Figure 12 shows that the highest predicted MSL in the upper bound occurred at a prediction horizon of 1 year at Tanjung Sedili and was 7950 mm. The second highest predicted upper bound of the MSL occurred at a prediction horizon of 40 years at Kerteh and was 7805 mm. The lowest value in the upper bound of the predicted MSL was found at a prediction horizon of 5 years at the Tioman Island and was 7616 mm. However, the lowest value of the predicted MSL in the lower bound for all the study locations was between 6835 mm and 6840 mm. The minimum increase in the predicted MSL was 2.0 mm/year, whereas the maximum increase in the predicted MSL was 131.0 mm/year.
4. Conclusions
The capabilities of the SVM and GP models for MMSL prediction were examined herein based on the tide gauge data obtained from 2007 to 2017. SVM methods were compared with their functions, including the NP, RBF, and PUK kernels, to optimize the SVM model. The GP functions, namely RHH with rank selection and fitness-proportional selection, were also compared to assess the prediction accuracy of the GP model. The results indicated that the PUK in SVM2 and RHH with the fitness-proportional selection of the GP2 methods constitutes suitable techniques for analyzing the MMSL prediction and exhibited an effectively higher performance when compared with that exhibited by the remaining SVM and GP techniques. Different prediction horizons (i.e., 1, 5, 10, 20, and 40 years) were developed using SVM and GP to predict the MMSL. The overall results of the MMSL for SVM2 and GP2 at prediction horizons of 1 and 5 years showed an average maximum increment of 75 mm/year, whereas a prediction horizon of 10 years or more showed a decreasing sea level with a minimum average sea level of 10 mm/year at Kerteh, Tioman Island, and Tanjung Sedili. The outcome of MMSL at different prediction horizons implied that both the SVM2 and GP2 models exhibited stable performances. Therefore, both the proposed models are appropriate for predicting MMSL without bias or eliminating the hidden information in the time series. The results obtained from this study provide reliable prediction values with respect to the future increase in sea level at the identified coastal areas. Therefore, effective and economic planning pertaining to the safety and economics of the communities living along the coastal areas of Malaysia can be conducted by various state and federal authorities. Furthermore, the observations of this study could be a promising base for conducting further investigation on the proficiency of the SVM and GP models for sea level prediction in different time horizons. However, this study also exhibits limitations such as data availability. Therefore, conducting future research to perform further analysis on the sensitivity between each input variable with the associated output and identify the weight matrix could be a potential future research direction. Future studies may also focus on improving the proposed model by introducing other complex parameters as the model input, which has not been investigated in this study because of the limitation of the available data.

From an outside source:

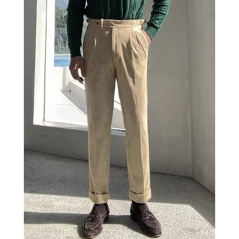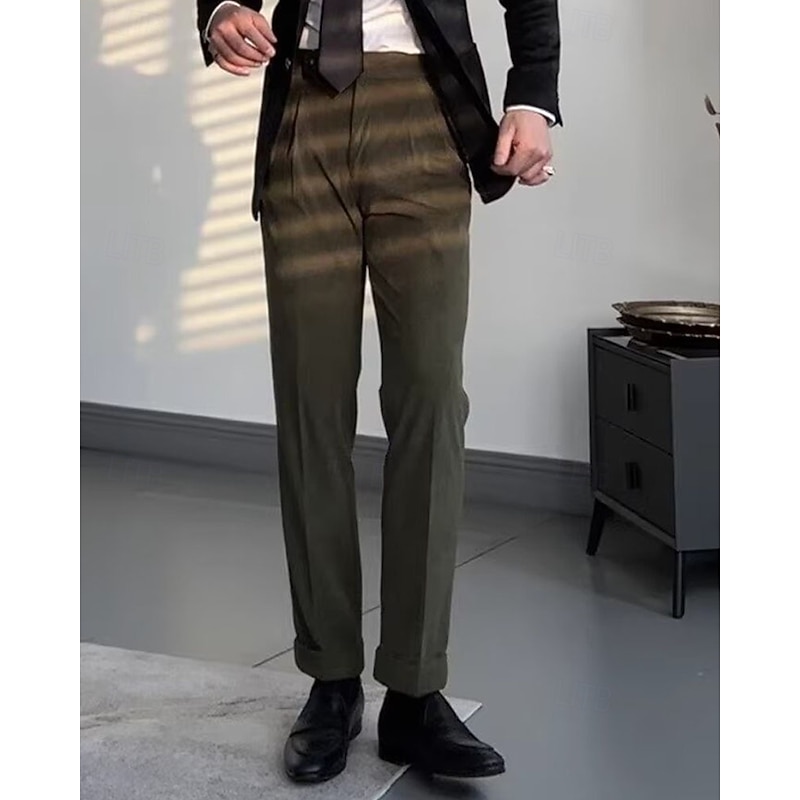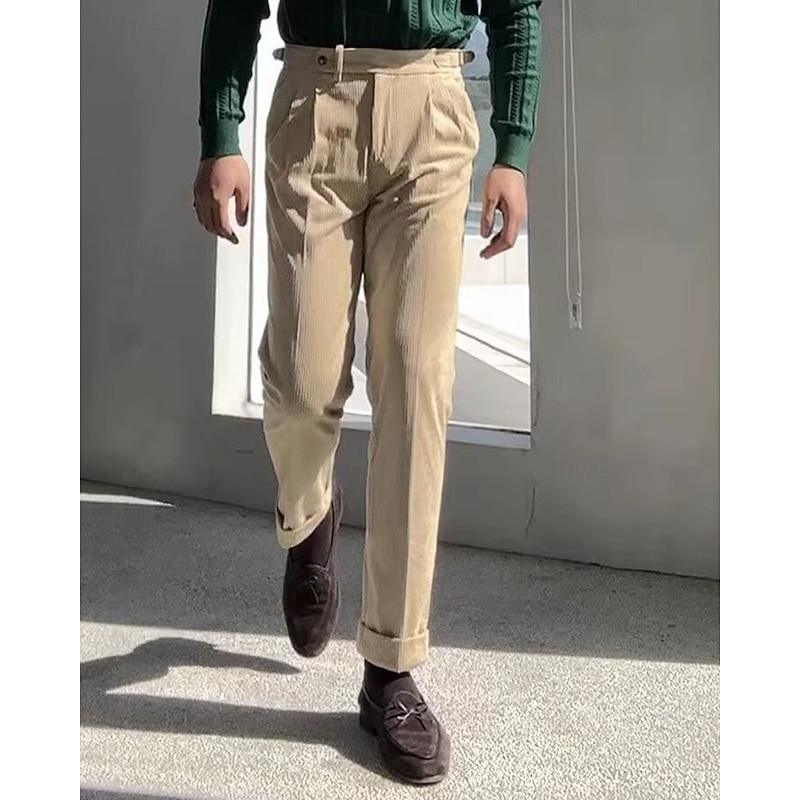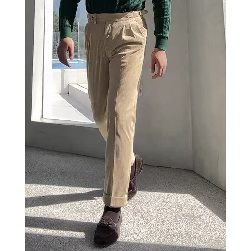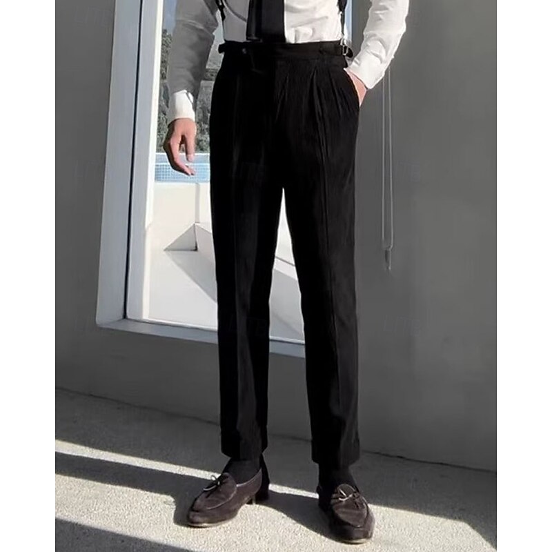 More information about Men's Graduation Dress Pants Corduroy Pants Naples Trousers Trousers Buttons Pocket Solid Colored Comfort Formal Party Work Fashion Classic Style Black Green Micro-elastic
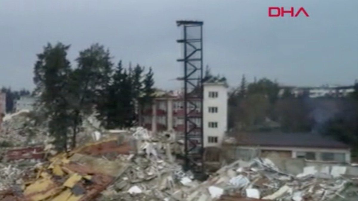 Hatay’da tüm binalar yıkılırken yangın merdiveni ayakta kaldı

The modeling implementation process required a relatively long time to achieve the performance objective during training even though the proposed SVM and GP models showed an outstanding performance in case of MMSL prediction. In addition, the maximum relative error was still slightly high. Therefore, integrating the proposed methods (SVM and GP) with an advanced nature-inspired optimization algorithm that could accelerate the searching process for the global optimal solution is recommended to accelerate the training process. Furthermore, a model with an effective preprocessing method that could detect the inherent pattern of the raw data before feed, regardless of being an SVM or GP model, must be adapted to improve the overall prediction accuracy and reduce the maximum error.